Monday, January 23, 2006

Let us all sing a happy song!

The next tray in the musical steam-table that is "Mostly Short Pieces" is:

SAMUEL WEBBE's "Glorious Apollo", a glee from 1784

It's hard to imagine, now that we have fine programming like "Lost" and reruns of "Designing Women", that men used to get together, regularly, to sing.

For fun.

These groups - catch societies, glee clubs - were basically bunches of guys who got together at the local tavern to drink and sing. Catch societies existed to facilitate this drinking/singing: members pooled their money to buy booze and sheet music. Over time, these clubs commissioned a fair body of partsongs which now fill thick, hardbound books in music libaries.

These pieces - catches, glees, canons - were designed to contrapuntally interesting but still easy enough to be singable after five or six beakers of punch. Samuel Webbe had a knack for them: he won lots of medals from the Catch Club of London.

(A 'catch', if you were wondering, is a form of canon that often has the cool trick of revealing a secret message when all the polyphonic lines have entered- a lyric from one line filling a pause from another to string together a bawdy sentence.)

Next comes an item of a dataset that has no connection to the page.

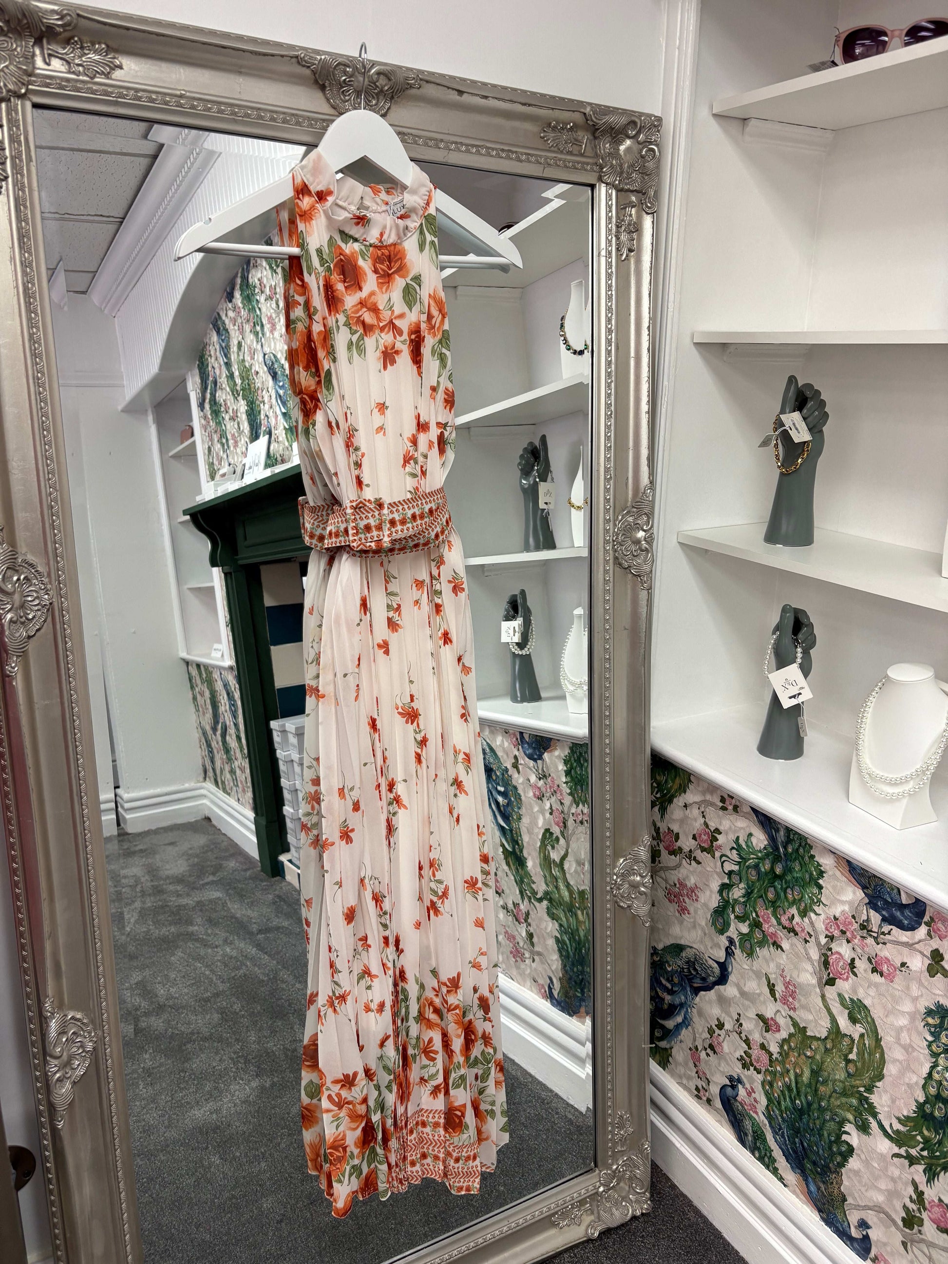 Luxtyle High Neck Pleated Orange Flower Dress – One Size (8–20)

"Glorious Apollo" is apparently one of the best-known glees. (I add 'apparently' because I've never really delved into modern glee culture to make a serious study.) It's a simple choral piece in three-part harmony. All the lines have almost identical rhythms (occasionally somebody gets a weak-beat passing tone to provide interest) and there are no rests. Presumably, everyone just cuts the end off the cadences' whole notes to take in a lungful of air, or sneak breaths as they go. Depends on the level of inebriation, I suppose.

Harmonically, "Glorious Apollo" never departs from rock-solid F Major. The closest Webbe comes to modulation is the occasional secondary dominant in the lead-up to a half cadence. The chords are pure Common Practice, too- I, V, lots of diminished first inversion viis, and the occasional ii or IV. Sometimes a neighbor tone is used to create a little dissonance, but this is always resolved immediately.

This is three-part harmony, so I guess Webbe was taking pains to create rich, full-sounding chords without the benefit of the extra inner voice. In this sense, it's an interesting study of how a composer can alternate three-tone chords with two tone chords (i.e. one pitch of which is doubled) to vary the harmonic texture.

Structurally, this glee is a sort of big binary form - A-A1. The second section differs from the first in some tweaks to the melodic lines, which are necessary to accomodate the new verses, and an overall faster tempo indication. The first half of the piece is 'Con spirito' and for the repetition Webbe kicks it up with 'Piu Allegro'. This seems like a good, simple way to add interest without making significant changes to melody or harmony that would constitute 'development' and so require a recapitulation. Of course, the scheme hardly qualifies as 'binary' in any meaningful sense, but sometimes you've just got to slap a name on something.

Within each of the two sections, Webbe has an interesting scheme of:
A (solos) (forte)
A (full chorus) (still forte)
B (full chorus, ending on dramatic fermata) (pianissimo)
C (solos) (piano)
C (full chorus) (forte now)

This is pretty nicely done. Even though the music is boilerplate late 18th century harmony and melody, the constant alternation of loud/soft and solos/full chorus in the repitions are good, fundamentally interesting musical effects that are easy for amateurs.

Now that I think about it, the greatest boon to contemporary amateur choral music would be the re-introduction of booze. People like to sing in public, as karaoke shows, but it's only really fun after a few drinks. In America, group singing is confined to the national anthem and - who wants to relive this with their pals on Saturday night? - masses of grade school children sitting indian style and mewling out 'America the Beautiful'. So, what do we need?

Liquor. And new catches, about popular topics like presidental incompetence or heroes of NASCAR.

1 Comments:

Blogger Unknown said...

Hey, I think that A-A1 is strophic not binary form. Nice blog though! Are you going to add any more to it in the future?